▶ [Instructions to follow]
Records follow. Print exactly the lines from the one that has "尤金 ·史密斯作为镇上唯一一" through the one that has "XILON COMPOSIZIONE ALLUMINIUM", inclusive, and omit the pictures.

▶ [Data for this task]
+-------+
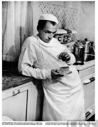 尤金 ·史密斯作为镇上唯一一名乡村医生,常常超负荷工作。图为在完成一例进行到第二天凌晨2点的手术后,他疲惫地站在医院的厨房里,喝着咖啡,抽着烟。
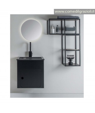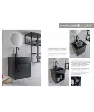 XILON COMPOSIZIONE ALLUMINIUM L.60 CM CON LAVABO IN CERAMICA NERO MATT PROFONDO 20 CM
+-------+
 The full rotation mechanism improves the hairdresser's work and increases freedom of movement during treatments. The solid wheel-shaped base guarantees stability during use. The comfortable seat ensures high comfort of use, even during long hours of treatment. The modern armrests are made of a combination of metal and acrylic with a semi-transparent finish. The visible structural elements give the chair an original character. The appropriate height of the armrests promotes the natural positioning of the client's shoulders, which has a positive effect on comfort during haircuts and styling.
+-------+
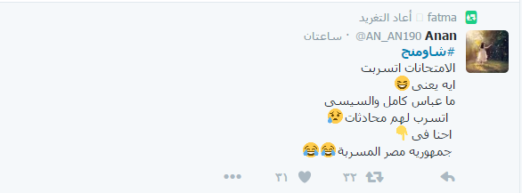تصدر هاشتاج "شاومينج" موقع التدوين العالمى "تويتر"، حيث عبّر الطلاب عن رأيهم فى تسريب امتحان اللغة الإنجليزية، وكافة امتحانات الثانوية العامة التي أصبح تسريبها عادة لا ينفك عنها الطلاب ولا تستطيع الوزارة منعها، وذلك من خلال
+-------+
▶ [Completed exercise]
 尤金 ·史密斯作为镇上唯一一名乡村医生,常常超负荷工作。图为在完成一例进行到第二天凌晨2点的手术后,他疲惫地站在医院的厨房里,喝着咖啡,抽着烟。
 XILON COMPOSIZIONE ALLUMINIUM L.60 CM CON LAVABO IN CERAMICA NERO MATT PROFONDO 20 CM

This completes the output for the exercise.